Sunday 13 January 2013

L'Albatros: a Skeleton of Silent Film

When researching my recent post on French silent film star Max Linder I was surprised to discover that the studio in which he made most of his films was still standing. At the earliest opportunity I headed out there - camera in hand - to investigate.

The story of the studios goes back to 1904, when Charles Pathé, in competition with Georges Méliès and the Star Film company, decided to add a new facility in Montreuil to those he already owned in neighbouring Vincennes. The location he chose was an old race horse stables, with the horse boxes being transformed into dressing rooms!

Far more modern was the glass construction he built alongside for filming. Although it may have been unbearably hot in summer, the idea was that it would let in a maximum amount of natural light, a necessity in a time before sophisticated lighting rigs on sets.

Pathé defined this space as a 'théâtre de prises de vues', literally a theatre where scenes could be captured easily on film. This structure still stands today, but with its crumbling walls and broken glass panels it is difficult to imagine its glittering past. But was it ever a glamorous place? According to actor Charles Vanel, who began his career at the studios, "it was in a flea-riden district, and from the outside it looked more like a factory than a film studio. But inside, it was magical"*

In many ways, the studios were indeed like a factory. Alongside the production of the films, the stage sets were created in adjoining workshops, and even the celluloid film was developed on site. It was a small plot, but it must have been an intensely busy place in its heyday.
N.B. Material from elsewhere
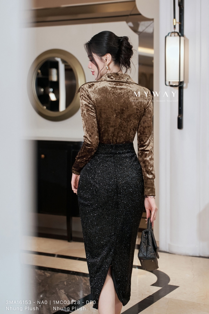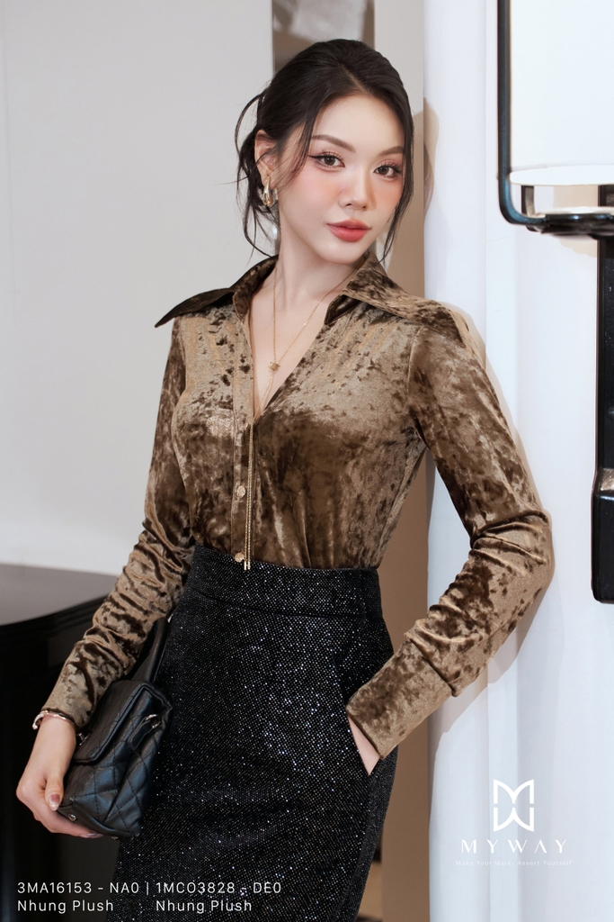 Áo kiểu dáng ôm vừa, dài ngang hông mang nét nữ tính và tinh tế, được thiết kế với phần cổ biến kiểu tạo điểm nhấn duyên dáng và hiện đại. Chất liệu nhung Plush (nhung mềm) nhập khẩu cao cấp được xử lý kỹ lưỡng giúp bề mặt vải có độ bóng nhẹ, chạm tay mềm mịn và lên phom chuẩn chỉnh. Sắc nâu vàng sang trọng gợi cảm giác ấm áp, thời thượng, phù hợp cho những ngày thu đông. Khuy áo nhập khẩu tinh xảo tôn lên tổng thể thanh lịch, trong khi phom dáng ôm nhẹ giúp tôn đường nét cơ thể mà vẫn mang lại sự thoải mái khi vận động. Thiết kế dễ phối, phù hợp cho nhiều phong cách từ công sở hiện đại đến dạo phố thanh lịch.

After 10 successful years (over 1200 films were made in this period), film production on site was halted in 1914 when war broke out in France, and didn't begin again until after the conflict. Indeed, it was the revolution in Russia that indirectly give the site a second life as the studios came to provide a home for artists and film-makers who had fled the country.

The producer Joseph Ermolieff, who had managed Pathé's operations in Russia, moved to France, and brought his team with him. These included stars such as  Yvan Mosjoukine and Nathalie Lissenko as well as film-maker Alexandre Volkoff. The team created the Société des Films Albatros in 1922, a name that the site retains today.

Despite the initial success of the Russian adventure, the Studio Albatros did not manage to adapt to the end of the silent film era, and closed its doors at the very end of the 1920s. It was transformed into metalworks factory, before being abandoned again 70 years later with the decline of industrialisation in the Paris region. It was saved from demolition though in 1997 after the site was given listed status.

It was to experience another rebirth in 2001 when Lucien et Lily Chemla, a couple who had bought the site in honour of their actor and director son Michael, reopened the studios with the aim of supporting artists, dancers, musicians and film-makers.

A bold blue and white mural welcomes you to the site today, but it is unlikely that it will ever rediscover a place at the heart of French cinema. The buildings are scarred by their industrial years, and the ensemble looks more like a deserted factory than a historic film studio.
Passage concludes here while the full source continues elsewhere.